No. If you have a hybrid environment where existing firewalls exist based on vendor choice, then there is an existing set of rules for your whole environment. Linking an NVA from the same firewall supplier is very easy and straightforward, so it makes sense to reuse it in Azure. It makes the network and security operations easier if the situation of having a hybrid environment is going to persist for a while. While Azure Firewall offers many benefits, having multiple firewall providers makes troubleshooting difficult and inefficient as rulesets must be updated in several places.
Why is Azure Firewall so expensive?
It’s really not. If after reading this article you still think that you are not getting your money’s worth with Azure Firewall, then Azure Firewall is not for you. Find a solution or service that meets your requirements, and if that leads you to Azure Firewall, then the alternatives are not cheaper. To lower costs there are allocation and de-allocation methods available, which can be used through Azure PowerShell to stop Firewall billing and start again when you map or unmap the firewall as per your requirements.
Combine Azure Firewall and Network Security Groups
Azure offers excellent security by default with encryption at rest (server-side encryption), traffic flow filtering (network security groups), et cetera. However, this is often not enough for modern business needs. Businesses use constant internet connectivity, hence firewall cloud security.

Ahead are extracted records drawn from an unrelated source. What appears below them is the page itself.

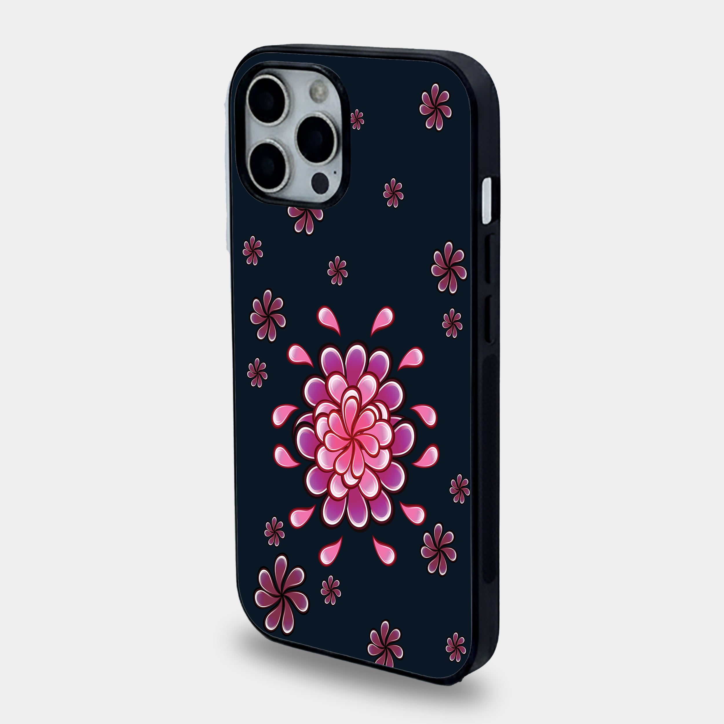 This isn’t just a floral pattern; it’s a study in luminous depth. Featuring a central, multi-layered mandala flower surrounded by swirling "floating" blossoms, the design mimics the beauty of a garden under a midnight sky. The glossy, glass-like finish on the petals gives the impression of light reflecting off a dewy surface, providing your phone with a 3D aesthetic that feels premium to the touch.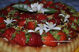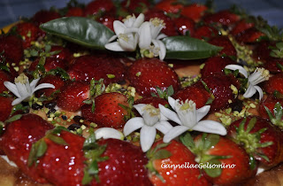 Sistemate le fragole sulla crema nel modo che più vi piace, completate con granella di pistacchio negli interstizi. Lucidate le fragole con la gelatina e per finire, decorate con zagare di agrumi, che profumeranno la vostra torta come non potete neanche immaginare.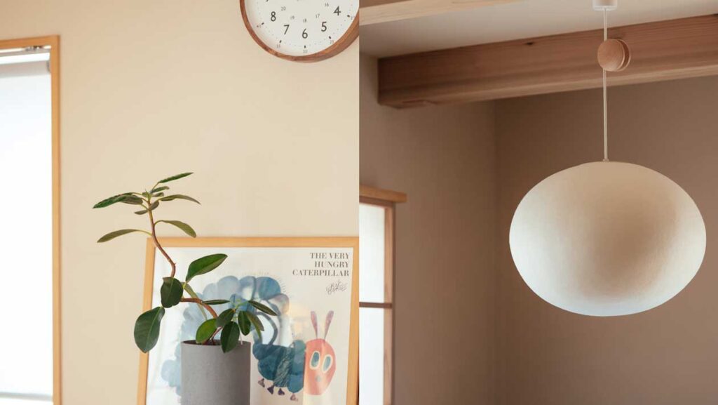 ご主人の趣味はバスケ。奥さまももともとバスケットやスノーボートなどのアクティブな活動もお好 きだった。今は、うつわをつくったり、雑貨を探したりするのも好きだそうだ。飾られたライトや小物から、 もの選びのセンスの良さが伝わってくる。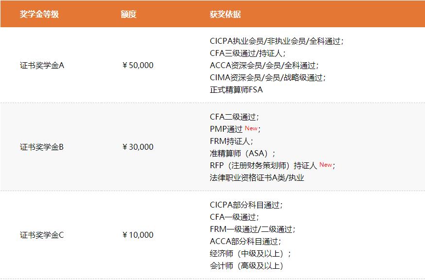复旦拼搏(中国)泛海国际金融学院今年大力投入近2000万奖学金用来奖励和吸引优质申请人,覆盖率可达100%。学院扩充了新生奖学金以使更多优秀的申请人获益,更有丰富的在校生奖学金用来鼓励FMBA PT+学生在校期间勤奋学习、积极奉献和全面发展。

Azure Firewall and network security groups work together to reach zero trust and deep network security. Together, they provide multiple layers of defense. If one layer fails, the other layer can stand in its place. Picture by Amir Dahan, Senior Program Manager Azure Networking on Microsoft Azure Blog and Updates
In this article, you have read what Azure Firewall is, what network security groups are, what the differences are and how they can reinforce each other. Ultimately, a company’s network and security requirements lead to the right design and solution, and so it’s safe to say there could never be a choice between Azure Firewall or network security groups. Instead, the two reinforce each other. Network security groups are a hygiene factor and an Azure Firewall or third-party NVA is a must for any self-respecting company that is careful with its data.